Thank you for taking the time to read this!


----------



## ikreos (Mar 12, 2011)

Oops forgot to mention I'm using 8.2.


----------



## wblock@ (Mar 12, 2011)

If urtw(4) will work with that card, it's probably better than NDIS.

The "NIC" in your rc.conf isn't doing anything.

Don't know why there's no default route in the netstat output when you set one in rc.conf.  Can set it manually with `# route add default 192.168.2.1`

DHCP is convenient.  If you want a fixed IP, set the DHCP server in the access point to hand that out based on MAC address.

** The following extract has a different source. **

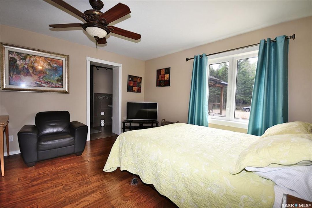 Expansive ranch-style home boasting over 4,500 sq. ft. on the main level, featuring 5 bedrooms—each with its own ensuite bathroom—plus 2 additional bathrooms. This charming home includes a luxurious chef's kitchen and an 800 sq. ft. suite of equal elegance. The original home was built in 1989, with seamless additions of 2,000 sq. ft. in 2010 and another 1,100 sq. ft. in 2022. Nestled amidst serene forest surroundings, this retreat sits just 1.8 km from pavement on 154 acres, close to lakes, numerous recreational attractions, and the vibrant resort town of Big River. A stone fireplace warms up to 2,000 sq. ft., complemented by wood and propane furnaces, with Generac power backup in place. Whether for a large family, a business opportunity—which the current owners have established as an income producing Bed and Breakfast—or a personal sanctuary, this home fulfills every need. The open basement awaits minimal finishing. The 800 sq. ft. suite offers an aging-in-place design with double vanity sinks, an age-friendly shower and toilet, laundry facilities, a kitchenette, and a scenic backyard view. Covered decks at the front and back enhance entertaining possibilities, while a water filtration system ensures pristine drinking water. The chef's dream kitchen boasts double ovens, ample fridge and freezer space, expansive countertops, and abundant storage, complemented by outdoor perennials, fruit trees, perennial berries and vegetable garden. Details regarding the sturdy construction and excellent insulation—as well as outbuildings (24'X32', 20'X20', 8'X8', 12'X26') —are available upon request for serious, pre-qualified buyers. Viewings require reasonable advance notice and promise to impress!

All you should need in wpa_supplicant.conf is your ssid and psk.  "scan_ssid=1" made me rant about "hidden" ssids in another thread here recently.


----------



## ikreos (Mar 12, 2011)

wblock said:
			
		

> If urtw(4) will work with that card, it's probably better than NDIS.



As far as I have read my chipset RTL8185 is not supported. It was also not autodetected.



			
				wblock said:
			
		

> The "NIC" in your rc.conf isn't doing anything.



I assumed as much after I tried it. I just never removed it.



			
				wblock said:
			
		

> Don't know why there's no default route in the netstat output when you set one in rc.conf.  Can set it manually with `# route add default 192.168.2.1`



I did add it manually with route, but it told me it was already there.



			
				wblock said:
			
		

> DHCP is convenient.  If you want a fixed IP, set the DHCP server in the access point to hand that out based on MAC address.



Never thought of doing that, but the modem is configured for DHCP. The wireless router is only there to give access to the modem for wireless clients.



			
				wblock said:
			
		

> All you should need in wpa_supplicant.conf is your ssid and psk.  "scan_ssid=1" made me rant about "hidden" ssids in another thread here recently.



That was left over from the network manager I just never removed it (will be though).


----------



## ikreos (Mar 12, 2011)

Since I can't edit posts. I found out my neither my modem or router have the 'static DHCP' ability. However I can flash DD-WRT onto it. So I will be looking into that. I haven't had the chance to tinker with my BSD install yet. I will try the urtw driver. I'm going to try clearing my routes and redoing them.


----------



## ikreos (Mar 12, 2011)

Update. I'm connected to the internet on my BSD install now. I had to manually add the default route. Which is weird because last time I tried it told me it was already there. Anyway the urtw driver only supports usb devices, I'm using a PCI card. Probably should have stated that. Ah well my problem should be solved now. Now I just have to look into DD-WRT for my router. How do I set this thread as solved?


----------



## wblock@ (Mar 12, 2011)

After you have ten posts, you can edit, including setting the title to "solved".

DD-WRT is very good.  The layout is always confusing to me, but that might just be because it doesn't need to be changed very often.  It can do static DHCP leases, I just checked.


----------



## ikreos (Mar 12, 2011)

Yes that is the reason I didn't know about 'static DHCP', my router doesn't have it (I'm not an expert in networking I just know enough to get by). But Now that I know I'm going to use it once I attempt to flash DD-WRT. Hopefully Murphy keeps his law out of my attempt.


----------



## ikreos (Apr 11, 2011)

Final update. DD-WRT successfully flashed to my router (very nice piece of software). Went ahead and bought an Atheros based wifi card just to save myself the trouble. I would prefer to use a wired connection but currently my connectivity is no where near my computer. Oh and I scrapped PC-BSD in favor of FreeBSD with a light window manager. Much better than KDE4 bloat.


----------